> _What you have to do_: Print only what runs from the line that includes "Il primo piatto, Umbricelli" to the end of the listing, word for word, and do not include any pictures.

• • • •

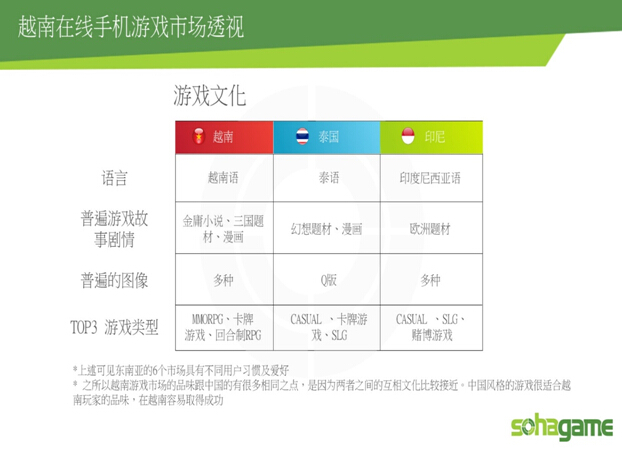 在传统文化方面越南和中国有很大相似,所以对游戏的题材选择有共同的爱好,如:剑侠、三国、漫画。。。等题材。其中,中国的历史文化的游戏题材一直都受越南玩家的欢迎,符合越南游戏市场。游戏类型多样化,就能很成功:MMORPG,卡牌游戏,回合制RPG。
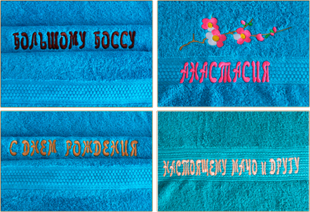 Пушистое полотенце с эксклюзивной вышивкой может стать хорошим подарком. На полотенце можно вышить имя, любые поздравления и напутствия. Широкое распространение получила вышивка на полотенцах для гостиниц, фитнес-центров, SPA-салонов, которая становится рекламой бренда.
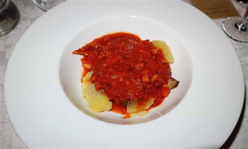 Il primo piatto, Umbricelli con ragù di oca e tartufo, ha stupito per la texture della pasta artigianale unita a un condimento ricco e aromatico, fondendo i gusti della terra con quelli del bosco.
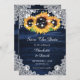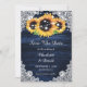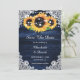 Navy blue and sunflower wedding save the date cards featuring sunflowers and white floral lace against a rustic wood background. Matching items available.
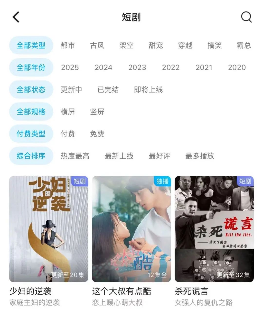 值得注意的是,优爱腾对短剧业务的加码正在进入一个新的抢位阶段。除了作品数量的不断增加,长视频平台显然不再坚持横屏短剧,而是大力投入真正的坚屏短剧。
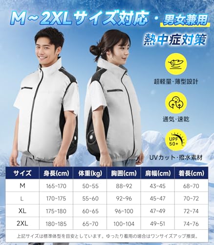 「朝夕の涼しい時間帯は弱で、日中の猛暑は強で使い分けている」との事例もありました。 - デザインがシンプルで男女兼用(Mサイズから2XLまでの展開)、年齢や性別を問わず着用できると好評です。

• • • •

> _Response_:
 Il primo piatto, Umbricelli con ragù di oca e tartufo, ha stupito per la texture della pasta artigianale unita a un condimento ricco e aromatico, fondendo i gusti della terra con quelli del bosco.
 Navy blue and sunflower wedding save the date cards featuring sunflowers and white floral lace against a rustic wood background. Matching items available.
 值得注意的是,优爱腾对短剧业务的加码正在进入一个新的抢位阶段。除了作品数量的不断增加,长视频平台显然不再坚持横屏短剧,而是大力投入真正的坚屏短剧。
 「朝夕の涼しい時間帯は弱で、日中の猛暑は強で使い分けている」との事例もありました。 - デザインがシンプルで男女兼用(Mサイズから2XLまでの展開)、年齢や性別を問わず着用できると好評です。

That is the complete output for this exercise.